Provider communication which includes positive emotional expression as a way to form connection, has been linked to improved patient psychological health outcomes.(9, 10) Positive emotional expression can include humor and joking, which can be either adaptive—as a means to reframe a bad situation--or maladaptive—as an avoidance mechanism.(11) However, positive emotion expression can also include expression of hope, gratitude, and mindfulness, which have been shown to be important for key caregiver outcomes.(12) Specific provider communication behaviors can enhance relationships and improve a therapeutic alliance, validate and help manage emotions, or be received as emotional support.(9, 10) Significant research to date has been directed at the clinician response to patients’ expression of distress and negative emotion; whereas the fostering of positive emotional expression has only recently been recognized as important for well-being and adjustment.(1315) Providers’ facilitation of positive emotional expression, alongside offering verbal support, may be equally important for family caregivers and have important implications for caregiver adjustment post the patient’s death.

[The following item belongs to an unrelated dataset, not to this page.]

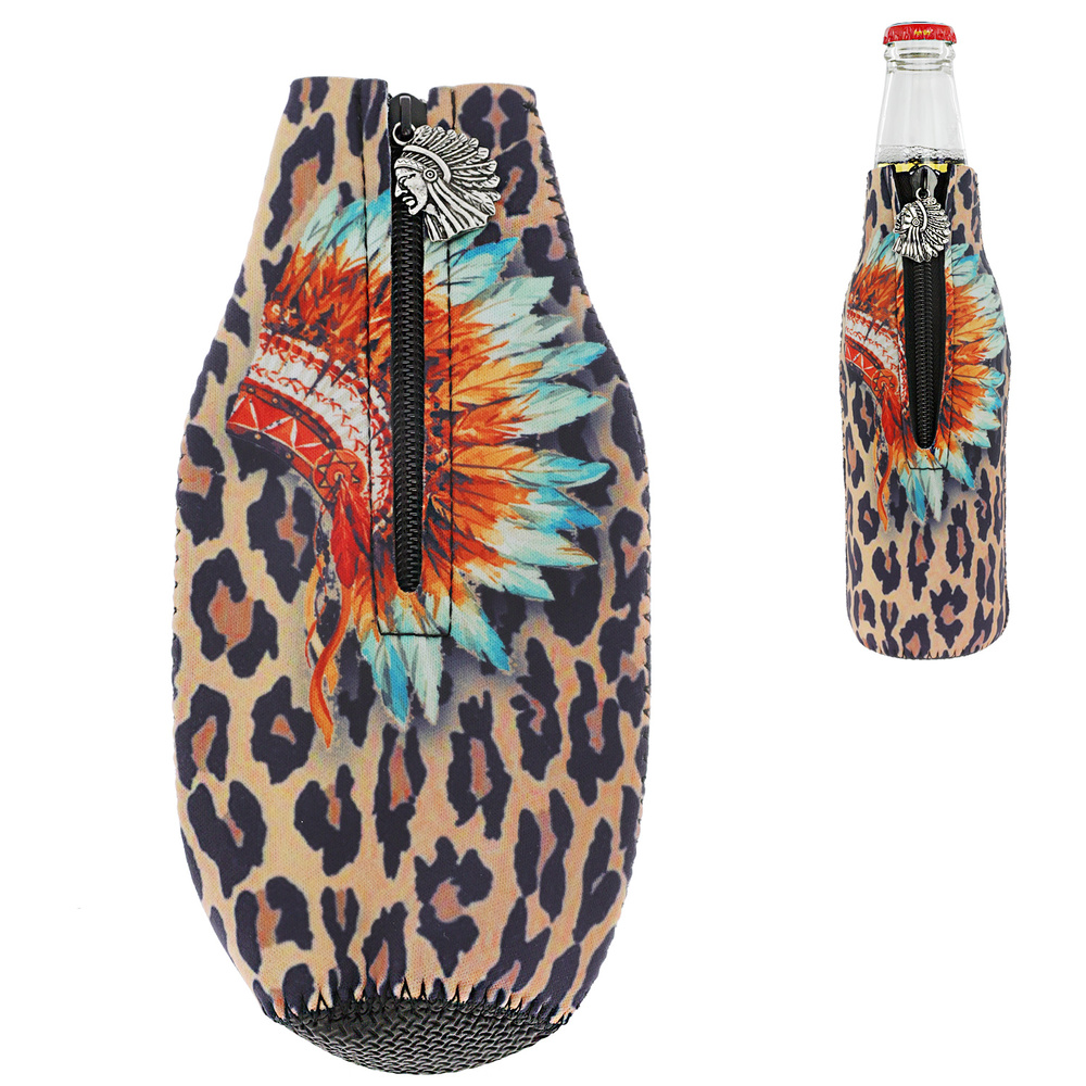 NATIVE AMERICAN -WILD WEST THEMED ZIP-UP DRINKING SLEEVE INSULATED BOTTLE HOLDER WITH ZIG -ZAG STITCHING AND ZIPPER PENDANT

Evidence shows the benefits of positive emotional expression for patients managing many diagnoses, including cancer.(16, 17) Specifically, there is promise for managing depression associated with these diseases.(18) The broaden-and-build theory of positive emotions predicts that positive emotions broaden the scopes of attention and cognition, which can build new resources and skills, ultimately improving coping and well-being.(19) However, the majority of this work in cancer and end of life has focused on patients, rather than family caregivers.(20) It is important to take a longitudinal perspective with caregivers facing the impending death of a family member, because poor adjustment, including high levels of depression, during bereavement is influenced by psychological distress during caregiving.(21) Some prospective longitudinal work exists following cancer family caregivers from hospice to bereavement. For example, research has mostly looked at emotional expression that occurs after widowhood, rather than in the preparatory period before bereavement begins.(22) Additionally, most research ignores the cumulative effect of repeated communication,(9) focusing instead on one-time encounters. Additionally, most work focuses on one-way communication of positive emotion, rather than a more dynamic focus that captures the exchange of positive emotion.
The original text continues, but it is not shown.